Well I could do this except you kill me before I can...
fixing that is the 4th item down on my whiteboard
(In reply to comment #10) > Which is a very reasonable scheme in my eyes. "last used" means that > either at least one client is connected to it, > > NO client is connected to it. > > or the XSM session it was started from is still around, > > Not sure what this is, but all procesess started by xguest are gone. XSM = x session manager. i.e. some archaic X/ICE protocol used by gnome-session among others for doing session stuff. Basically what I wanted to say is that PA considers gnome-session being around a reason to stay around too. > When xguest logs out, all xguest processes are shutdown. There should be no > xguest UID processes running on the system. Multiple xguest users are not > allowed to be logged in at the same time. So something in the cleanup is not > working correctly. Note that PA stays around for 30s even when all the three conditions i pointed out tell pa it is not used anymore. That said, if there is some code that does the equivalent "killall -u xguest" and PA nonetheless is still around, then this means the code is broken. "pulseaudio -k" will shutdown PA. However doing a pa specific hack here seems unclean to me. Anyway, as I understood the "killall -u xguest" code lives in gdm? Reassigning to gdm then.

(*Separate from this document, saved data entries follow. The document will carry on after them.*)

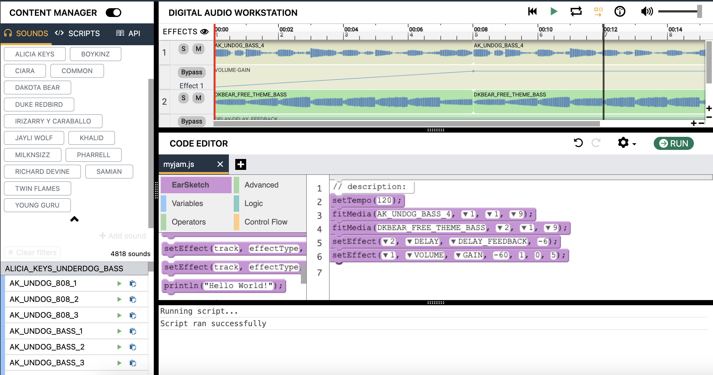 En la actividad 3, usamos la función setEffect para aplicar un efecto a una pista específica durante toda la duración de la canción, pero ¿qué sucede si solo quieres que una sección específica de tu canción tenga un efecto? ¡Usa la función setEffect con más parámetros!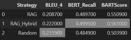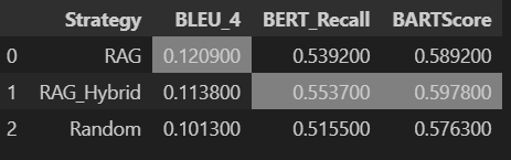정 애매하면 여기서 RAG_Hybrid는 일단 제외하고 RAG만 Random보다 효과가 좋다는 내용에 집중해서 실험내용 정리하는 것도 좋겠다.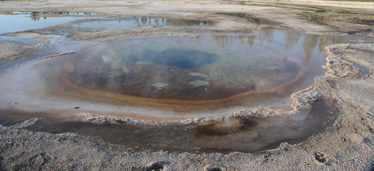 We had been seeking out Chromatic Pool specifically, because we had seen pictures of a feature that we thought was Chromatic Pool. We found out later that that feature had actually been Grand Prismatic Spring, a little ways further up the road. But when we got to Chromatic Pool, expecting something much more colorful, we were highly disappointed, and assumed that all the pictures we had seen had just been heavily Photoshopped.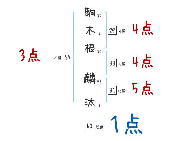 駒木根麟汰さんの画数の鑑定結果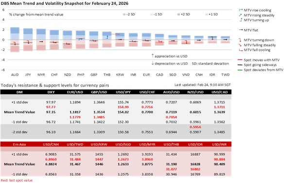 Focus falls on President Trump’s State of the Union Address (SOTU) on February 24 at 9:00 pm ET or February 25 at 10:00 am SGT. Trump warned that the speech would be long amid a partial government shutdown and boycotts by several House Democrats. Markets expect SOTU to become his rallying cry for the 2026 midterm elections amid sagging approval ratings. Trump is expected to address affordability issues with populist measures such as capping credit card interest rates at 10%, lowering prescription drug prices, and restricting corporate dominance of the housing market. To resell his “America First” economic vision to the public, Trump will expect Kevin Warsh to follow his roadmap toward much lower interest rates and a smaller Fed balance sheet to boost US growth to 15%.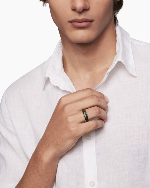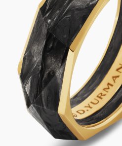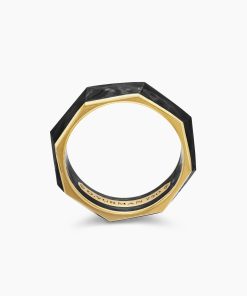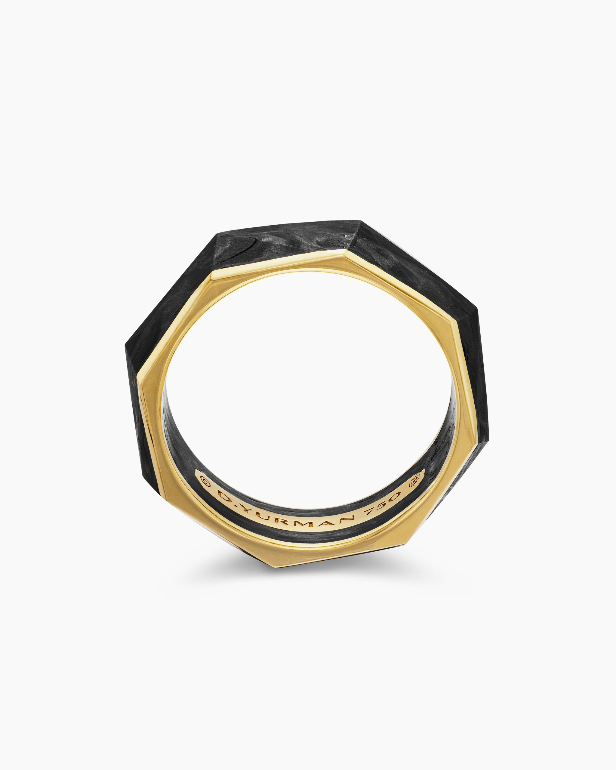 This distinctive men’s design is inspired by modern architecture. 18-karat yellow goldForged carbonRing, 8mmThis item can be engraved. Please contact customer care for more information.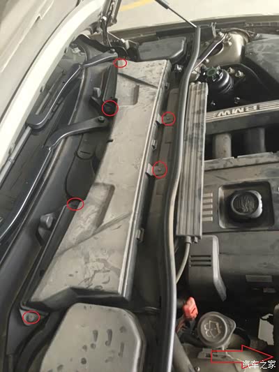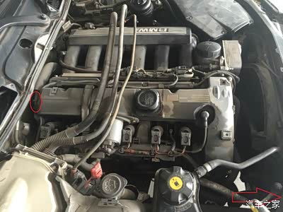 下面描述中,都是以驾驶员一侧为左,车头为前。例如,“发动机的右后角”,就是指的发动机离副驾驶车门最近的那个角。同时,照片上角落的箭头指向车头方向,方便你参考。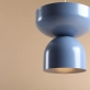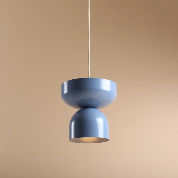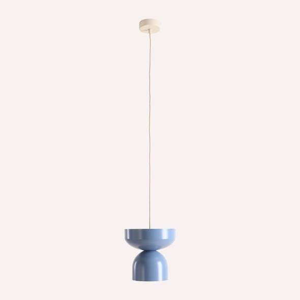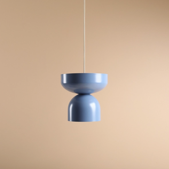 Lampa wisząca skomponowana z dwóch niebieskich modułów. Elementy można złączyć w dowolnej kolejności, umieszczając dużą misę na dole lub na górze. Finałowy efekt zależy od preferencji klienta dzięki możliwości personalizacji koloru kloszy, ich ułożenia oraz koloru kabla.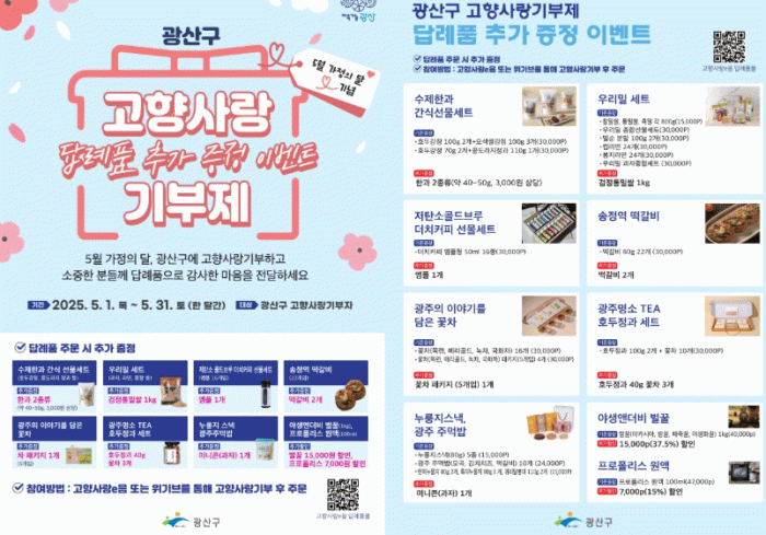광산구는 고향사랑기부자를 대상으로 수제한과, 꽃차, 떡갈비, 더치커피 등 총 18종의 답례품을 선택하면 추가로 하나를 더 증정한다.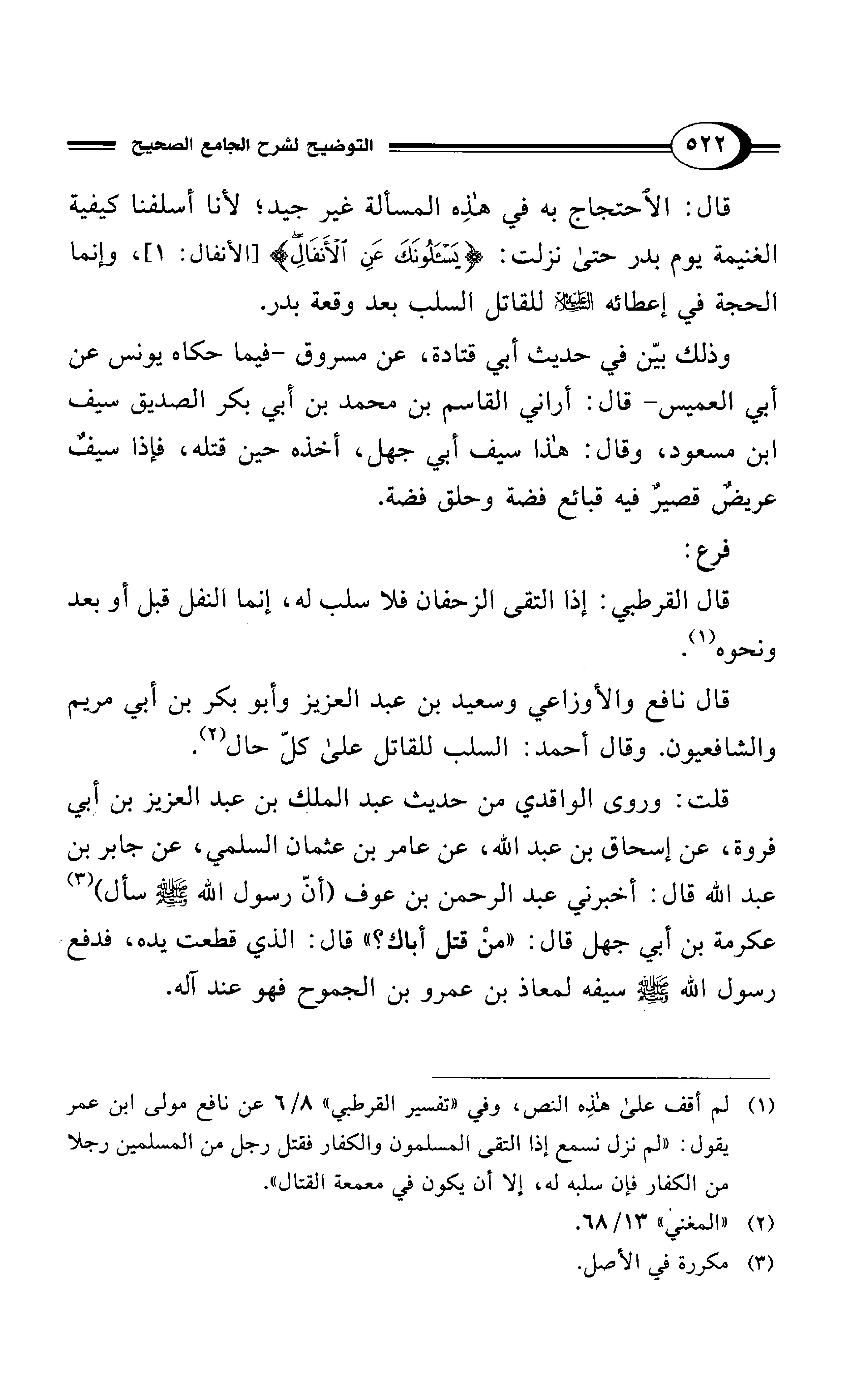 (¬1) لم أقف على هذِه النص، وفي "تفسير القرطبي" 8/ 6 عن نافع مولى ابن عمر يقول: "لم نزل نسمع إذا التقى المسلمون والكفار فقتل رجل من المسلمين رجلا من الكفار فإن سلبه له، إلا أن يكون في معمعة القتال".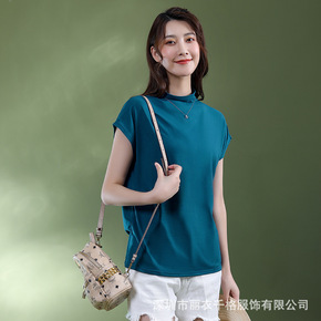新款莫代尔七分袖T恤女夏圆领木耳边短袖上衣大码百搭...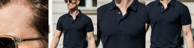 Stretch deluxe fitting. Tone-in-tone buttons. Three-button placket. Shirt collar stand. Combed organic cotton. Organic Content Standard 100 (OCS Certified, CU1038206).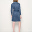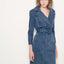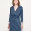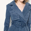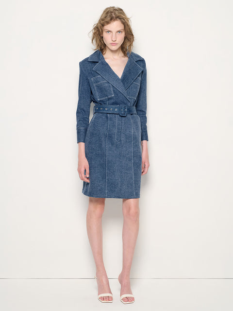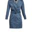 Cut in a classically structured and feminine silhouette with ¾ quarter sleeves, a fitted cut seam at the waist - the Gianna Denim dress exudes a sense of elegance. Features a notched collar lapel, contrasting white top stitch, flap pockets, self denim belt. Style the Gianna Dress with heels or boots and accessorize with any jewelry.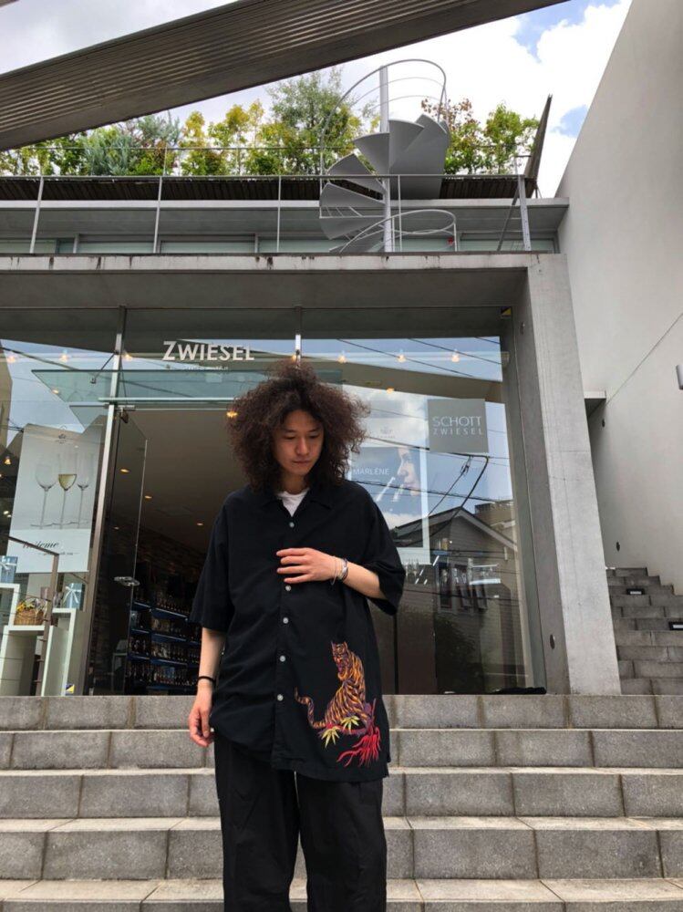 80s short-sleeved shirt Black body with oriental tiger & dragon print looks bad 1 rayon x cotton soft and smooth falling comfortable fabric feeling Loose and voluminous over-silhouette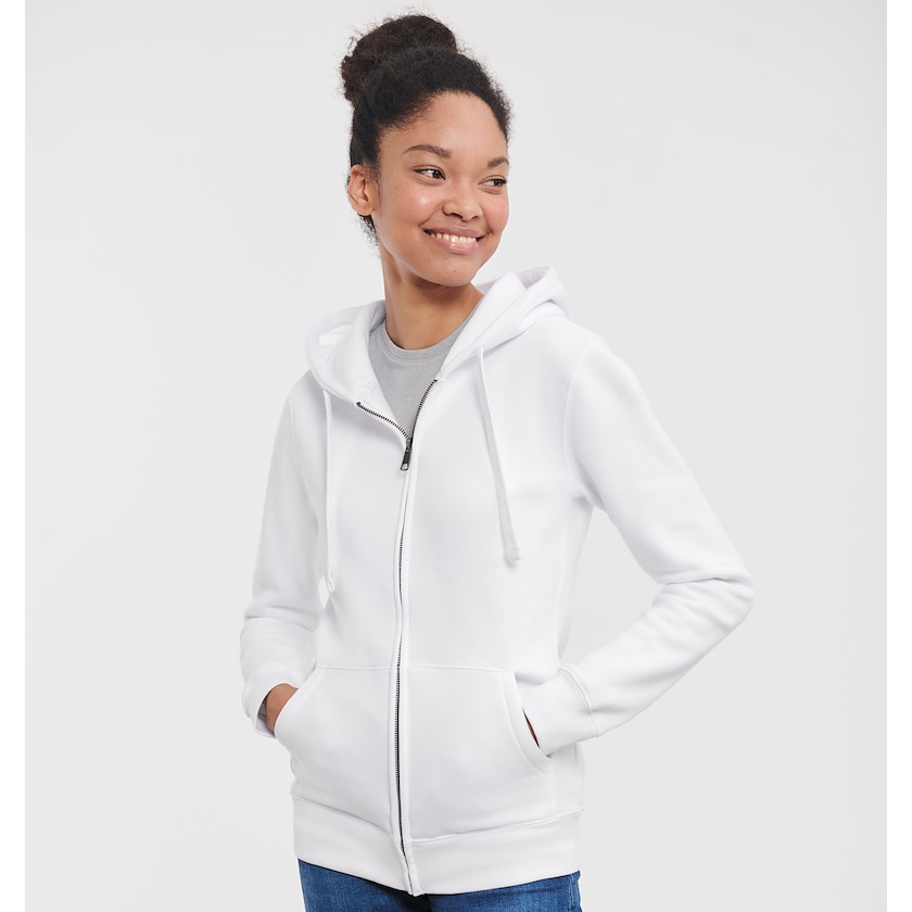 Kapuzenjacke mit Reißverschluss mit moderner Passform. Die Passform ist körpernah mit weniger Stoff an Achseln und Ärmeln. Geliefert wird einzeln verpackt in Plastiktüten. Gibt es auch als Herrenmodell.

Well it actually lives in pam_selinux_permit, but gdm is killing the process that is trying to killall.
This message is a reminder that Fedora 12 is nearing its end of life. Approximately 30 (thirty) days from now Fedora will stop maintaining and issuing updates for Fedora 12. It is Fedora's policy to close all bug reports from releases that are no longer maintained. At that time this bug will be closed as WONTFIX if it remains open with a Fedora 'version' of '12'. Package Maintainer: If you wish for this bug to remain open because you plan to fix it in a currently maintained version, simply change the 'version' to a later Fedora version prior to Fedora 12's end of life. Bug Reporter: Thank you for reporting this issue and we are sorry that we may not be able to fix it before Fedora 12 is end of life. If you would still like to see this bug fixed and are able to reproduce it against a later version of Fedora please change the 'version' of this bug to the applicable version. If you are unable to change the version, please add a comment here and someone will do it for you. Although we aim to fix as many bugs as possible during every release's lifetime, sometimes those efforts are overtaken by events. Often a more recent Fedora release includes newer upstream software that fixes bugs or makes them obsolete. The process we are following is described here: http://fedoraproject.org/wiki/BugZappers/HouseKeeping
Fedora 12 changed to end-of-life (EOL) status on 2010-12-02. Fedora 12 is no longer maintained, which means that it will not receive any further security or bug fix updates. As a result we are closing this bug. If you can reproduce this bug against a currently maintained version of Fedora please feel free to reopen this bug against that version. Thank you for reporting this bug and we are sorry it could not be fixed.